The assumption is that each server is running a CentOS 7 instance.

It is further assumed that the user who will be following these steps is comfortable in the Linux environment and knows when/if to use sudo and how to manage file permissions. It is also assumed that the user can perform simple tasks like creating directories, changing file permissions/ownership, extracting tarballs, opening ports, etc. The user will need root access to complete this procedure.

In the example below, the cluster will consist of 3 nodes. When creating a larger cluster, it is not necessary to expand Zookeeper to be on all of the nodes. As long as it is installed on at least 3 nodes it will serve its purpose. If more nodes need Zookeeper to keep up with demand, install Zookeeper on an odd number of nodes only.

Install Zookeeper

These instructions are for setting up Zookeeper on multiple servers. Zookeeper is a suite of utilities and services that the other applications rely upon. A cluster of servers in Zookeeper is referred to as an ensemble. Ideally, an ensemble is composed of an odd number of servers.

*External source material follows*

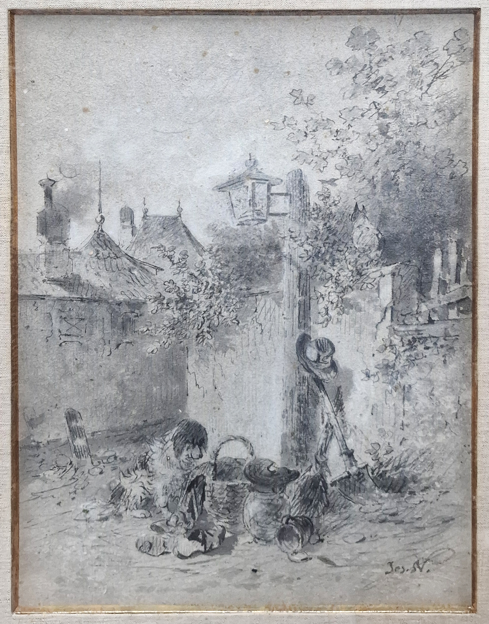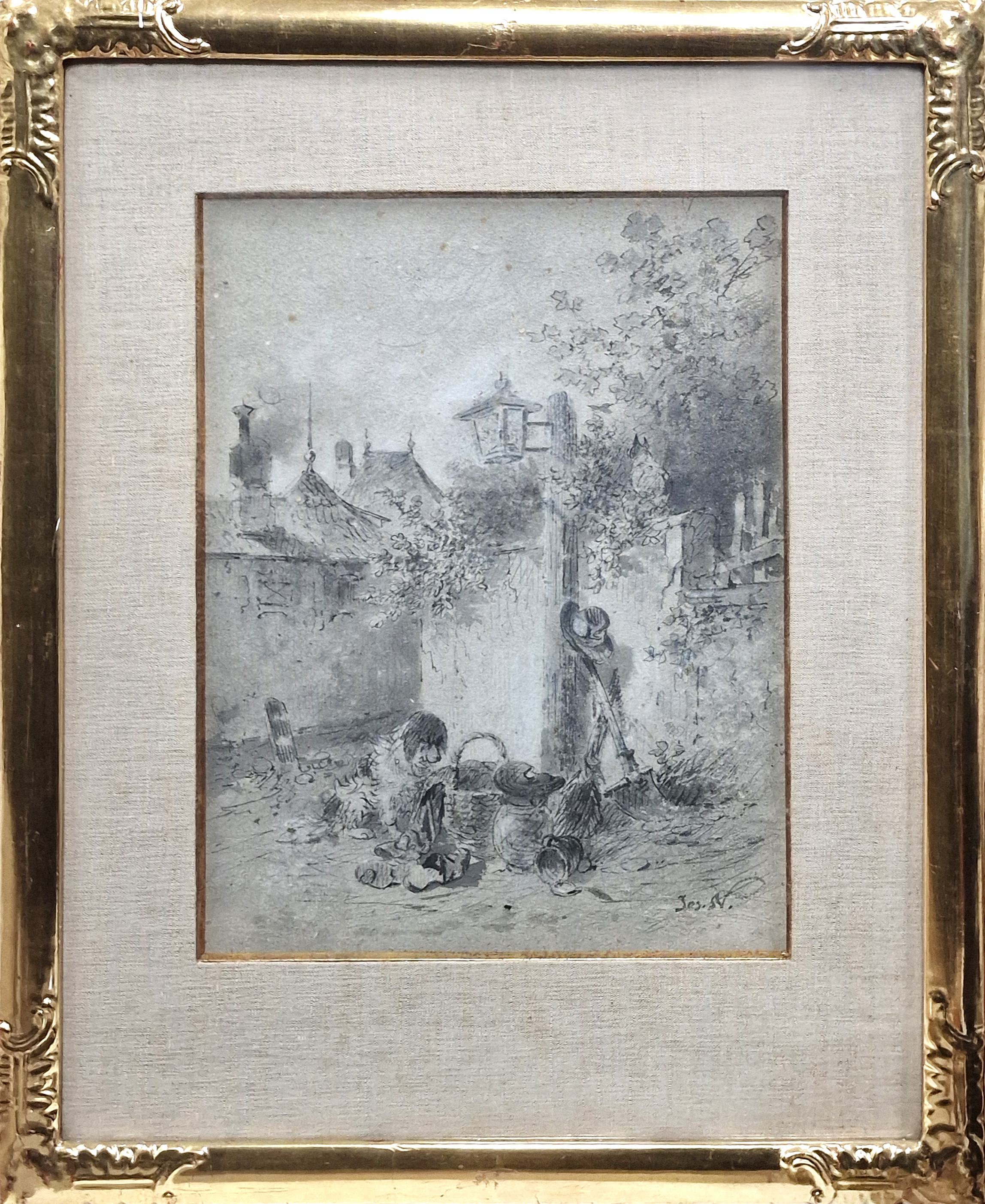 POPIS: Tuš + akvarel, rozměr ve výřezu 34 x 26 cm, zaskleno, drobné flíčky v kresbě

Create Hadoop User and Group

A dedicated user will be created to own and run all of the applications being installed. Perform the following steps on each machine in the cluster:

  1. Create new user group hadoopgroup (groupadd hadoopgroup)
  2. Create new user hadoopuser (adduser hadoopuser)
  3. Add hadoopuser to hadoopgroup (usermod -aG hadoopgroup hadoopuser)
  4. Set the password for hadoopuser to <unspecified value> (passwd hadoopuser)

Set up the Servers

  1. Verify Java installation. Java version 1.6+ is required.
  2. Set Java heap size to avoid swapping which would degrade performance. Currently the VMs in use by our team have 2GB RAM set by default. The Java heap is recommended to be about 1GB less than the total RAM. This can be done by adding the setting JAVA_OPTS=’-Xmx1G’ to the file /etc/profile.d/java.sh
  3. Download the Zookeeper tarball (wget http://www.apache.org/dist/zookeeper/zookeeper-3.4.8/zookeeper-3.4.8.tar.gz)
  4. This file should be extracted here, which will create the folder /opt/zookeeper-3.4.8 (tar -xvf zookeeper-3.4.8.tar.gz)
  5. Make a zoo-datadirectory in /opt (mkdir /opt/zoo-datadirectory)
  6. Create a symbolic link to zookeeper (ln –s /opt/zookeeper-3.4.8 zookeeper)
  7. Change the ownership (recursively) of zoo-datadirectory to hadoopuser (chown -R hadoopuser zoo-datadirectory)
  8. Change the ownership (recursively) of zookeeper-3.4.8 to hadoopuser (chown -R hadoopuser zookeeper)
  9. Change the group ownership (recursively) of zoo-datadirectory to hadoopgroup (chgrp -R hadoopgroup zoo-datadirectory)
  10. Change the group ownership (recursively) of zookeeper-3.4.8 to hadoopgroup (chgrp -R hadoopgroup zookeeper)
  11. Open ports 2888 and 3888 for TCP/IP using this command for each:
lokkit --port=2888:tcp
lokkit --port=3888:tcp

Configure Zookeeper

  • There will be a file in /opt/zookeeper/conf named zoo_sample.cfg. Rename it to zoo.cfg and change the settings to match the configuration below:
   	# The number of milliseconds of each tick
   	tickTime=2000
   	# The number of ticks that the initial 
   	# synchronization phase can take
   	initLimit=10
   	# The number of ticks that can pass between 
   	# sending a request and getting an acknowledgement
   	syncLimit=5
   	# the directory where the snapshot is stored.
   	# do not use /tmp for storage, /tmp here is just 
   	# example sakes.
   	dataDir=/opt/zoo-datadirectory
   	# the port at which the clients will connect
   	clientPort=2181
   	# the maximum number of client connections.
   	# increase this if you need to handle more clients
   	maxClientCnxns=10
  • Since we’re also installing Hadoop in a later section, we should configure the hostnames now with the Hadoop cluster in mind. Each server in the cluster serves a specific role. It is necessary to choose one server to be the MasterNode, and all the other servers will be SlaveNodes.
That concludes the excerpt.